Armed Forces Tribunal Act | Deputation Does Not Change Basic Employment As Member: Bombay HC Observes
The Bombay High Court observed that the deputation of the Petitioner with the Armed Forces Tribunal did not change his basic employment as a member of the Armed Forces. The Petitioner's employment with the armed forces continued to operate, and the Armed Forces Tribunal did not become his new employer. Therefore, the Central Administrative Tribunal (CAT) did not have jurisdiction to entertain the Petitioner's application.
The Division Bench of Justice G. S. Kulkarni with Justice Jitendra Jain observed, “We may also observe that merely because the petitioner was posted on deputation with the Armed Forces Tribunal, it would not in any manner obliterate or extinguish his basic employment as a member of the armed forces. The appointment on deputation in the present case, would certainly not amount to a change being brought about in the employer of the petitioner. The basic employment of the petitioner and all conditions of service attached to his employment as a member of armed forces have continued to operate. The petitioner is, therefore, not correct in assuming that his employment with the armed forces has come to an end the moment he accepted appointment on deputation and the armed forces tribunal has become his new employer”.
Advocate Vicky Nagrani appeared for the Petitioners and Advocate Neeta V. Masurkar appeared for the Respondent.
The Petitioner was appointed in the services of the Indian Army through a circular. He applied for the post of registrar which was accepted with a deputation of three years and as per the terms and conditions prescribed in the DOPT Office Memorandum. However, on May 10, 2023, the competent authority decided to prematurely repatriate the Petitioner on administrative exigencies. The Petitioner filed a writ petition before CAT challenging the order. The CAT dismissed the petition due to lack of jurisdiction, stating that the Petitioner would be governed by the provisions of the Armed Forces Tribunal Act, 2007. A Writ Petition was filed challenging the impugned order.

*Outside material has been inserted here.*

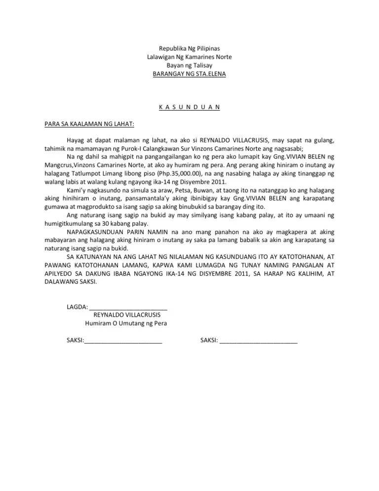 Kasunduan from imgv2-1-f.scribdassets.com Paano magsulat ng isang kasunduan sa komisyon ng independent na kontratista para sa isang negosyo sa online? Nasasaad sa kasunduan ang pagpapalaya sa bansang cuba, ang paglilipat ng pamumuno sa estados unidos sa. Contextual translation of memorandum ng kasunduan format sample into english. How to get married to a malaysian muslim if. Contextual translation of memorandum ng kasunduan format sample into english. Kasunduan sa pagpapaupa ng lupa sample. Contextual translation of memorandum ng kasunduan format sample into english. Kasunduan sa paggamit at pahintulot sa paggamit ng jw.org website.

The Court noted that the term ‘deputation’ was not explicitly mentioned in sub-clause (ii), it could also be considered to fall under clause (iv), which is a very broad term that can cover any other residual categories. This phrase must be interpreted in light of the other three enumerations and the main provision of Section 3(o) of the Armed Forces Tribunal Act, 2007 (Act), and it must be read as ‘ejusdem generis’. “Clause (iv) is very wide which may cover all other residual categories and the said phrase is to take colour from the other three enumerations and the main provision of Section 3(o) of the Armed Forces Tribunal Act and has to be read as ejusdem generis”, the Court observed.
The Court asserted that a matter can only be considered a service matter if it relates to the conditions of a person's service under Section 3(o) of the Act while placing reliance on the dictum of the Supreme Court in case of Lieutenant Colonel Vijaynath Jha Vs. Union of India & Ors. [(2018) 7 SCC 303]. Therefore, the Court observed that Central Administrative Tribunal (CAT) had no jurisdiction over the subject matter of the case.
“The precondition of a matter to be a service matter has to be relating to the conditions of their service, as held by the Supreme Court in Lieutenant Colonel Vijaynath Jha (supra)...Insofar as the exceptions which are carved out in Section 3(o) are concerned, we do not find that the petitioner’s case would fall under exceptions which are made for transfer and posting etc. Thus in our opinion, the Central Administrative Tribunal by the impugned order has rightly arrived at a conclusion that it had no jurisdiction”, the Court noted.
Accordingly, the Court dismissed the Petition and upheld the impugned order.
Cause Title: Lt.Col. Anjan Kumar Sinha v. Union of India & Ors.